» **Required work**
When you reach the line with "11月29日上午,江苏省高校", transcribe it and each line after it through the last one below, exactly. Pictures stay out.

(Available records Opens)

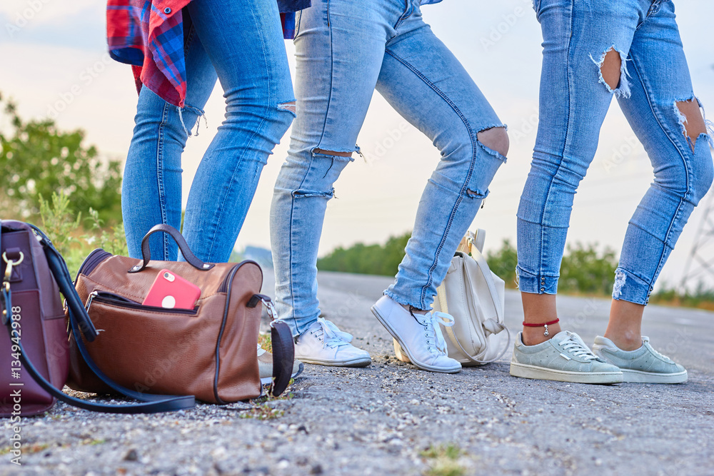 legs on asphalt road
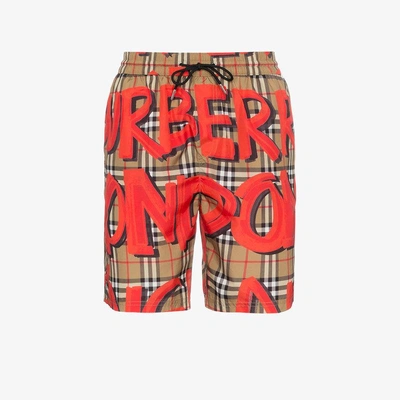 Burberry Guildes Graffiti Print Vintage Check Swim Short Red Very well made.
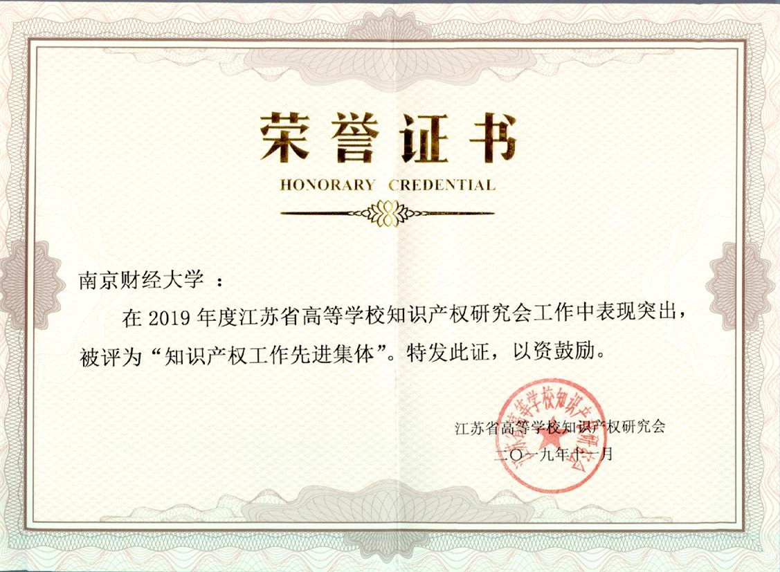 11月29日上午,江苏省高校知识产权研究会2019年年会在河海大学常州校区召开。会议表彰了2019年全省高校知识产权工作先进集体和先进个人,我校被评为2019年度江苏省高等学校知识产权研究会“知识产权工作先进集体”。
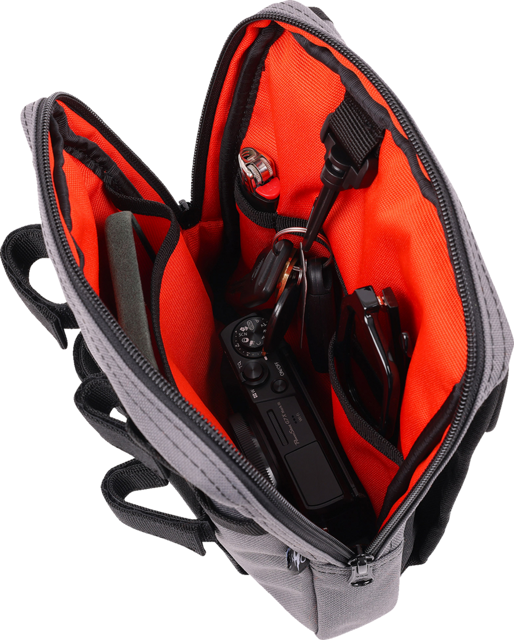 The Handlebar Bag Slim offers slim storage with the ability to expand to fit a variety of items, Versatile design allows it to mount on the front or rear of risers while providing a slim profile to fit in between fairings and gas tanks, 1050D nylon fabric, High vis orange interior , Dimensions: 9" x 8"x 2", Front hook-and-loop pocket expands and is lined with microfiber material, great for sunglasses or electronics, MOLLE webbing on front pocket, Vertical and horizontal attachment points mount to risers and/or bars in multiple configurations for different size risers using hook-and-loop straps, YKK zipper
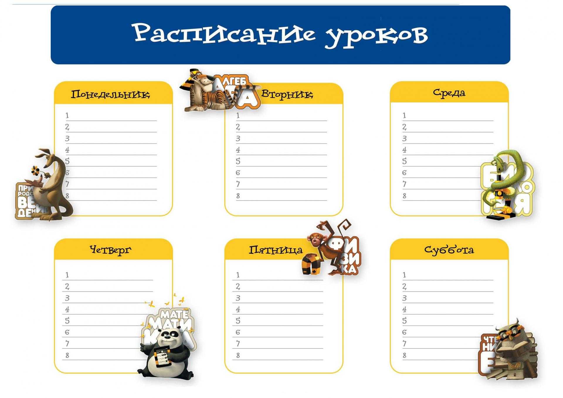 Шаблоны расписания уроков для 5 — 11 классов (на 7, 8, 9 и 10 уроков)

(Available records Closes)

» **Output**
 11月29日上午,江苏省高校知识产权研究会2019年年会在河海大学常州校区召开。会议表彰了2019年全省高校知识产权工作先进集体和先进个人,我校被评为2019年度江苏省高等学校知识产权研究会“知识产权工作先进集体”。
 The Handlebar Bag Slim offers slim storage with the ability to expand to fit a variety of items, Versatile design allows it to mount on the front or rear of risers while providing a slim profile to fit in between fairings and gas tanks, 1050D nylon fabric, High vis orange interior , Dimensions: 9" x 8"x 2", Front hook-and-loop pocket expands and is lined with microfiber material, great for sunglasses or electronics, MOLLE webbing on front pocket, Vertical and horizontal attachment points mount to risers and/or bars in multiple configurations for different size risers using hook-and-loop straps, YKK zipper
 Шаблоны расписания уроков для 5 — 11 классов (на 7, 8, 9 и 10 уроков)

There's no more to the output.